Floyd v. State ex rel. LaVigne Elec. Co., No. 31376

CourtUnited States State Supreme Court of Florida
Writing for the CourtTHOMAS; ROBERTS; DREW; O'CONNELL
Citation139 So.2d 873
PartiesRobert L. FLOYD, as Judge of the Circuit Court of the Eleventh Judicial Circuit of Florida, Petitioner, v. STATE of Florida ex rel. LA VIGNE ELECTRIC COMPANY, a Florida corporation, and State of Florida ex rel. Federated Department Stores, Inc., a Florida corporation, Respondents.
Docket NumberNo. 31376
Decision Date21 March 1962

Page 873

139 So.2d 873
Robert L. FLOYD, as Judge of the Circuit Court of the Eleventh Judicial Circuit of Florida, Petitioner,
v.
STATE of Florida ex rel. LA VIGNE ELECTRIC COMPANY, a Florida corporation, and State of Florida ex rel. Federated Department Stores, Inc., a Florida corporation, Respondents.
No. 31376.
Supreme Court of Florida.
March 21, 1962.
Rehearing Denied May 1, 1962.

Oscar Rappaport, and Truett & Watkins, Miami, for petitioner.

Welsh, Cornell, Pyszka & Carlton, Miami, for LaVigne Electric Co. and Blackwell, Walker & Gray, Miami, for Federated Department Stores, Inc., respondents.

THOMAS, Justice.

An action was brought in the Circuit Court of the Eleventh Judicial Circuit by Lillian Friedler and her husband against LaVigne Electric Company and Federated Department Stores, Inc., to recover damages for injuries to Lillian Friedler alleged to have been the result of the negligence of the defendants. Eventually the court granted motions for summary judgments in favor of the defendants. These were entered 30 December 1960 and 3 January 1961.

Then the plaintiffs filed a motion for rehearing. Before the motion was called up

Page 874

for argument the trial judge, ex mero motu, set the matters for reargument because after the entry of the judgments he had learned of a decision of the District Court of Appeal, Third District, which indicated that he might have been mistaken in disposing of the litigation by summary judgments instead of submitting the issues to a jury. Purdon et ux. v. Cohen, Fla.App.1961, 126 So.2d 575.

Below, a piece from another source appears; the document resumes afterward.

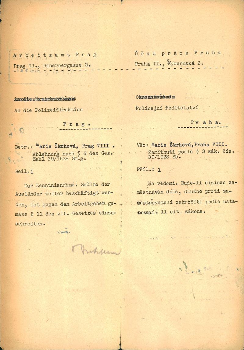Zelmanoviczová Josefina: Vyjádření k žádosti o povolení zaměstnávání cizího státního příslušníka

Subsequent to the arguments the court on 1 March 1961 entered an order setting aside the summary judgments and denying the motions that had been made to enter them.

Afterward the defendants presented to the District Court of Appeal, Third District, their suggestion for a writ of prohibition to preclude the circuit judge from proceeding further.

When the case reached the District Court of Appeal there was no question about the procedure that had been followed culminating in the judgments, nor were the merits of the original controversy under consideration. The question was whether or not the District Court of Appeal should curb further action by the circuit judge on the ground that he would, if he undertook to proceed with the trial of the case, exercise jurisdiction he no longer had. In short, it was the position of the defendants that upon the entry of the summary judgments the circuit judge completely lost control of the case.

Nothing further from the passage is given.